BACKGROUND
Advanced vaccine production techniques are expected by pharmaceutical industry.
2 types of vaccines are currently available:
- Attenuated viruses (modification of the viruses phenotype) but attenuation level is difficult to control
- Inactivated viruses are highly expensive as well as difficult to obtain and show limited efficiency on a short period (require multiple injections)
HOW IT WORKS
Combination of two novel methodologies:
- Obtention of attenuated virus (with a controlled attenuation level), by a randomized but controlled re-encoding approach
- Production of infectious virus by infectious-subgenomic-amplicons (ISA) produced by RT-PCR on the whole viral genome
Developed by Pr.
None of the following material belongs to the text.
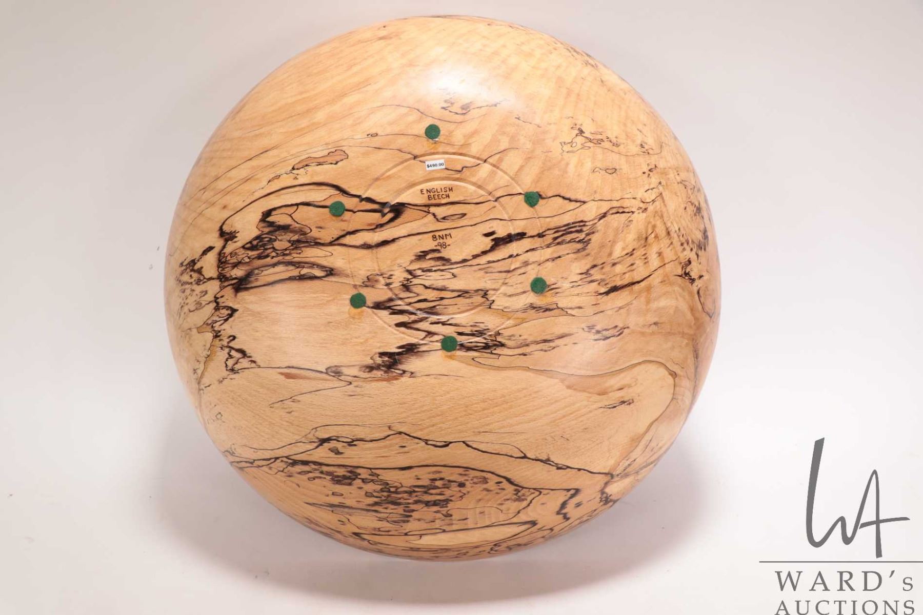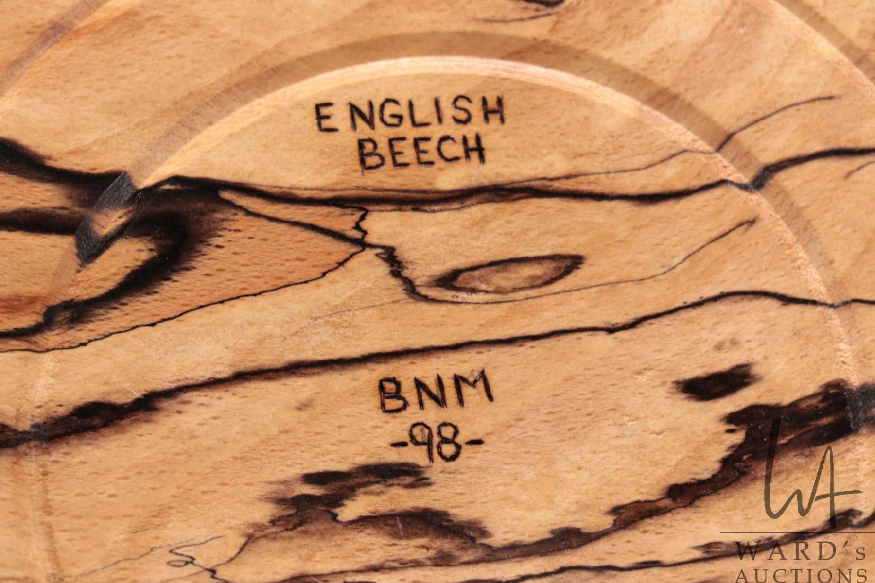 Brian McEvoy, artisan made decorative English beech turned wooden bowl, 16 1/2" in diameter X 5" hig

Xavier DE LAMBALLERIE’s team, at “Viral Diseases Emergence” Lab (UMR_D 190, Medicine University of Marseille, FRANCE), scientific key opinion leader in vaccinology
KEY BENEFITS
- Control of undesired genomic mutations and of viral attenuation levels
- No possible escape by reversion (reversion level does not exceed 0,34% even after 200 cell cycles)
- No problem of clonal diversity, and high stability of the attenuated generated viruses
- Very low probability of recombination with a wild strain
- 1-month production (versus 5 months with standard method)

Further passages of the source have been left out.